To calculate the premium, the duration, strike price, price of Bitcoin, and implied volatility are needed. The duration of the contract before expiry determines how high the premium would be. Implied volatility is the volatility of the market during the period of the contract and it determines the premium. The strike price is the preset price for the option that the exchange determines.

A contract consists of four parts, including size, expiry date, strike price, and premium. The size is the units of contracts a trader wants to trade. The expiry date is when the option has ended. The premium is the amount a buyer pays to own an option while the strike price is the expected price to sell or buy Bitcoin.

The strike price is involved in determining if a contract would be exercised or not. There are two people involved in these derivatives: the buyer and the seller. The seller sells his trading rights to the buyer, leaving the buyer to call or put the trade. If the buyer decides to call or put the option, the seller would have to act accordingly, receiving a premium in return.

A buyer loses his premium if he fails to execute an option. However, the seller is at a higher risk as his loss is determined by the price of Bitcoin. If a buyer exercises his call option, the seller would have to sell his Bitcoin. However, if the buyer decides to exercise his put option, the seller would have to buy Bitcoin.

There are two types of Bitcoin option chain which includes European and American forms. These forms have no relation to Europe or America. The American type allows buyers to exercise their contract between the opening and expiry dates. In essence, they can close an option before it expires, limiting losses. On the other hand, the European type does not allow for flexibility in exiting a trade before expiry. Traders cannot lock in their profits or limit their losses before the expiry date.

An option’s price is influenced by the Greeks. They determine if a trader would pay more to hold or the seller would receive more to create an option. They include Delta, Gamma, Theta, Vega, and Rho. Delta evaluates the sensitivity of the option price to that of Bitcoin. Gamma gauges the rate at which Delta changes over time. Theta measures the change in price with the expiration date. Vega measures the sensitivity of the option to the implied volatility of Bitcoin while Rho measures the sensitivity of the option price to changes in interest rates.

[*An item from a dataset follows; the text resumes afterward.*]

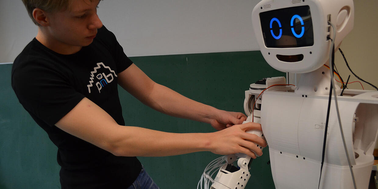Preis für KI-Projekt Ernestinum-Schüler bauen einen Roboter Janne Reimann stellt den Roboter Pib vor, ein Projekt, das erfolgreich ist und noch viel Potenzial hat. // Gaby Bertram TEILEN  04.03.2024 Coburg – Für den Roboter „Pib“ erhielten die zehn Schüler und eine Schülerin des P-Seminars „Künstliche Intelligenz in der Praxis“ am Gymnasium Ernestinum gestern den P-Seminarpreis Oberfranken. Ein „super, super interessantes Projekt“, sprudelt es aus Jacqueline Zithof, wenn sie über das Projekt Pib spricht. „Es hat so viel Spaß gemacht“, sagt sie, „weil die KI ein beeindruckendes Thema ist, das so viel möglich macht.“ Künstliche Intelligenz ChatGPT-Firma erzeugt jetzt auch Video aus Text-Vorgaben Mehrere Unternehmen haben bereits Software entwickelt, die Videos aus Text erzeugen kann. Nun erweitert auch OpenAI sein Portfolio um dieses Angebot. Die breite Masse kann Sora noch nicht sofort nutzen. Im Internet haben die Schüler über verschiedene Portale mit Gleichgesinnten gechattet, sich ausgetauscht, gemeinsam weltweit an Problemen geforscht. Die 17-jährige Jacqueline ist ein großer Fan der KI. „Natürlich sehe ich auch die Probleme, die KI mit sich bringt, aber sie fördert kritisches Denken, zu lernen, dieses interessante Werkzeug zu nutzen.“ Ob sie mal in die Richtung Informatik geht, weiß die Abiturientin noch nicht. Sie hat so viele Interessen, dass sie sich nicht entscheiden kann – vielleicht Psychologie oder Biologie, alles offen. In enger Zusammenarbeit mit der Firma isento Nürnberg, für die das Ernestinum als Pilotschule agiert sowie mit der Hochschule Coburg nahm der Roboter Pib Gestalt an. Zu den Bausätzen, die isento anbietet, entstanden weitere Teile am 3-D-Drucker, wurde die Kamera mittels KI entwickelt. Über sie kann Pib Handbewegungen erkennen und imitieren und zumindest theoretisch auch kommunizieren. Zugegeben, Pib steckt noch ziemlich in den Kinderschuhen, meint Seminarleiterin Franziska Schmitt. Umso mehr sei er aber eine Herausforderung für künftige Schülergenerationen und Robotik-Workshops, die dem Pib noch mehr Funktionen und Leben einhauchen, ihn wachsen lassen und vervollständigen. Jacqueline Zithof: Die KI ist ein interessantes Werkzeug, das man lernen sollte, zu benutzen und das mit kritischem Verstand. // Gaby Bertram Der Preis ist zusätzliche Motivation, dem Roboter im wahrsten Sinne des Wortes das Laufen beizubringen. So sieht es auch Oberstudiendirektor Bernd Jakob, Schulleiter am Ernestinum. „In diesem P-Seminar werden Schlüsselqualifikationen gefördert und Einblicke in Hightechbereiche vermittelt, die auch Berufsorientierung sind.“ Coburger bei Jugend forscht Der Wert von Gallseife und das Spucke-Problem Die Welt besser zu machen oder besser verstehen, darum geht es Nachwuchsforschern aus Oberfranken bei Jugend forscht. 18 Kinder und Jugendliche aus Stadt und dem Landkreis Coburg zeigen ihre Projekte. Die P-Seminare, die es nunmehr seit rund zehn Jahren gibt, so Harald Vorleuter, Ministerialbeauftragter für die Gymnasien Oberfranken, sollen die Schulen nach außen öffnen, die Schüler in Beziehung zum beruflichen Umfeld setzen und Berufsorientierung erleichtern. P-Seminare fördern darüber hinaus Teamarbeit von der Projektidee bis zur Umsetzung, helfen im Umgang mit Frustrationsstrecken und Neufindungsprozessen. In diesem Sinne arbeiten Schulen, Wirtschaft und Wissenschaft eng zusammen – ein Erfolgsmodell, das in Anbetracht von mangelndem Fachleutenachwuchs umso wichtiger ist. Das unterstreicht Patrick Püttner, Geschäftsführer der Vereinigung der Bayerischen Wirtschaft: Zwölf Prozent Abbrecherquote bei der dualen Ausbildung, 25 bis 28 beim Bachelor-Studium in Bayern und 2,1 Azubi-Stellen pro Azubi. Rechtzeitige Berufsorientierung und eine enge Zusammenarbeit zwischen Schule und Wirtschaft seien erforderlicher denn je. „Wir brauchen kluge, engagierte Köpfe“, sagt Büttner und ein anerkennendes „Chapeau“ für die erfolgreichen P-Seminarteilnehmer. Jetzt auch in Coburg Service-Roboter erobern die Gastronomie Service-Roboter und fränkische Wirtshauskultur – das muss kein Widerspruch sein. Wie der technische Fortschritt helfen kann, das Personal in der Gastronomie zu entlasten und den Gast zu erfreuen, erklärt ein Coburger Wirt. MIT VIDEO Pib, erklärt der 17-jährige Janne Reimann, einer der Projektleiter, stehe übrigens für „printable intelligent bot“. Er demonstriert, wie Pib Finger- und Handbewegungen erkennt und imitiert. Noch hat Pib nur einen Arm und steht auf einem Ständer. Da ist noch einiges weiterzuentwickeln, sieht auch Janne, aber die ersten Schritte sind getan. Für Janne ist die Informatik ein spannendes Feld. Vielleicht wird er Luft- und Raumfahrttechnik studieren, aber zuerst steht das Abi vor der Tür – für Janne mit einer Eins vor dem Komma, da ist er sich sicher. Lesen Sie auch Statistik Wenig Künstliche Intelligenz in der bayerischen Wirtschaft Nur ein kleiner Teil der bayerischen Unternehmen nutzt bisher Künstliche Intelligenz (KI). Nach einer aktuellen Erhebung des Statistischen Landesamts nutzten im vergangenen Jahr 13 Prozent der Unternehmen mit zehn oder mehr Beschäftigten eine zur KI zählende Technologie. Das teilte die Fürther Behörde am Dienstag mit.

Basic Strategies to consider

There is a range of strategies to consider in trading these options. They are dependent on the different combinations of call and put options. They include protective puts, covered calls, straddles, and strangles.

Protective put: This involves buying a put option owned by a buyer. It is used as portfolio insurance through hedging. It guards the investor against a price drop and maintains their exposure should the price increase.

Covered call: This involves selling a call option owned by a buyer. It is used to earn extra income. The investor earns the premium and keeps his assets if it is not executed. If otherwise, he would have to sell.

Straddle: This involves buying a call and a put with identical strike prices and expiry dates, using market volatility. Traders make profits regardless of direction.

Strangle: A strangle is like a straddle but requires a low price for opening a position and higher volatility for profitability. The call option is above the market price and the put is below.

The bitcoin option is beneficial because you can make profits with little capital and are limitless. Although there are several platforms to trade Bitcoin options, you must consider their contract value, premium, variety of options, and payment methods. Notable platforms are Deribit, Binance, IQ Option, and FTX.

Cryptocurrencies are highly volatile, options trading is complex, so try to gain understanding before you start investing. Do not invest more than you can afford to lose. Have a trading strategy and a risk management plan.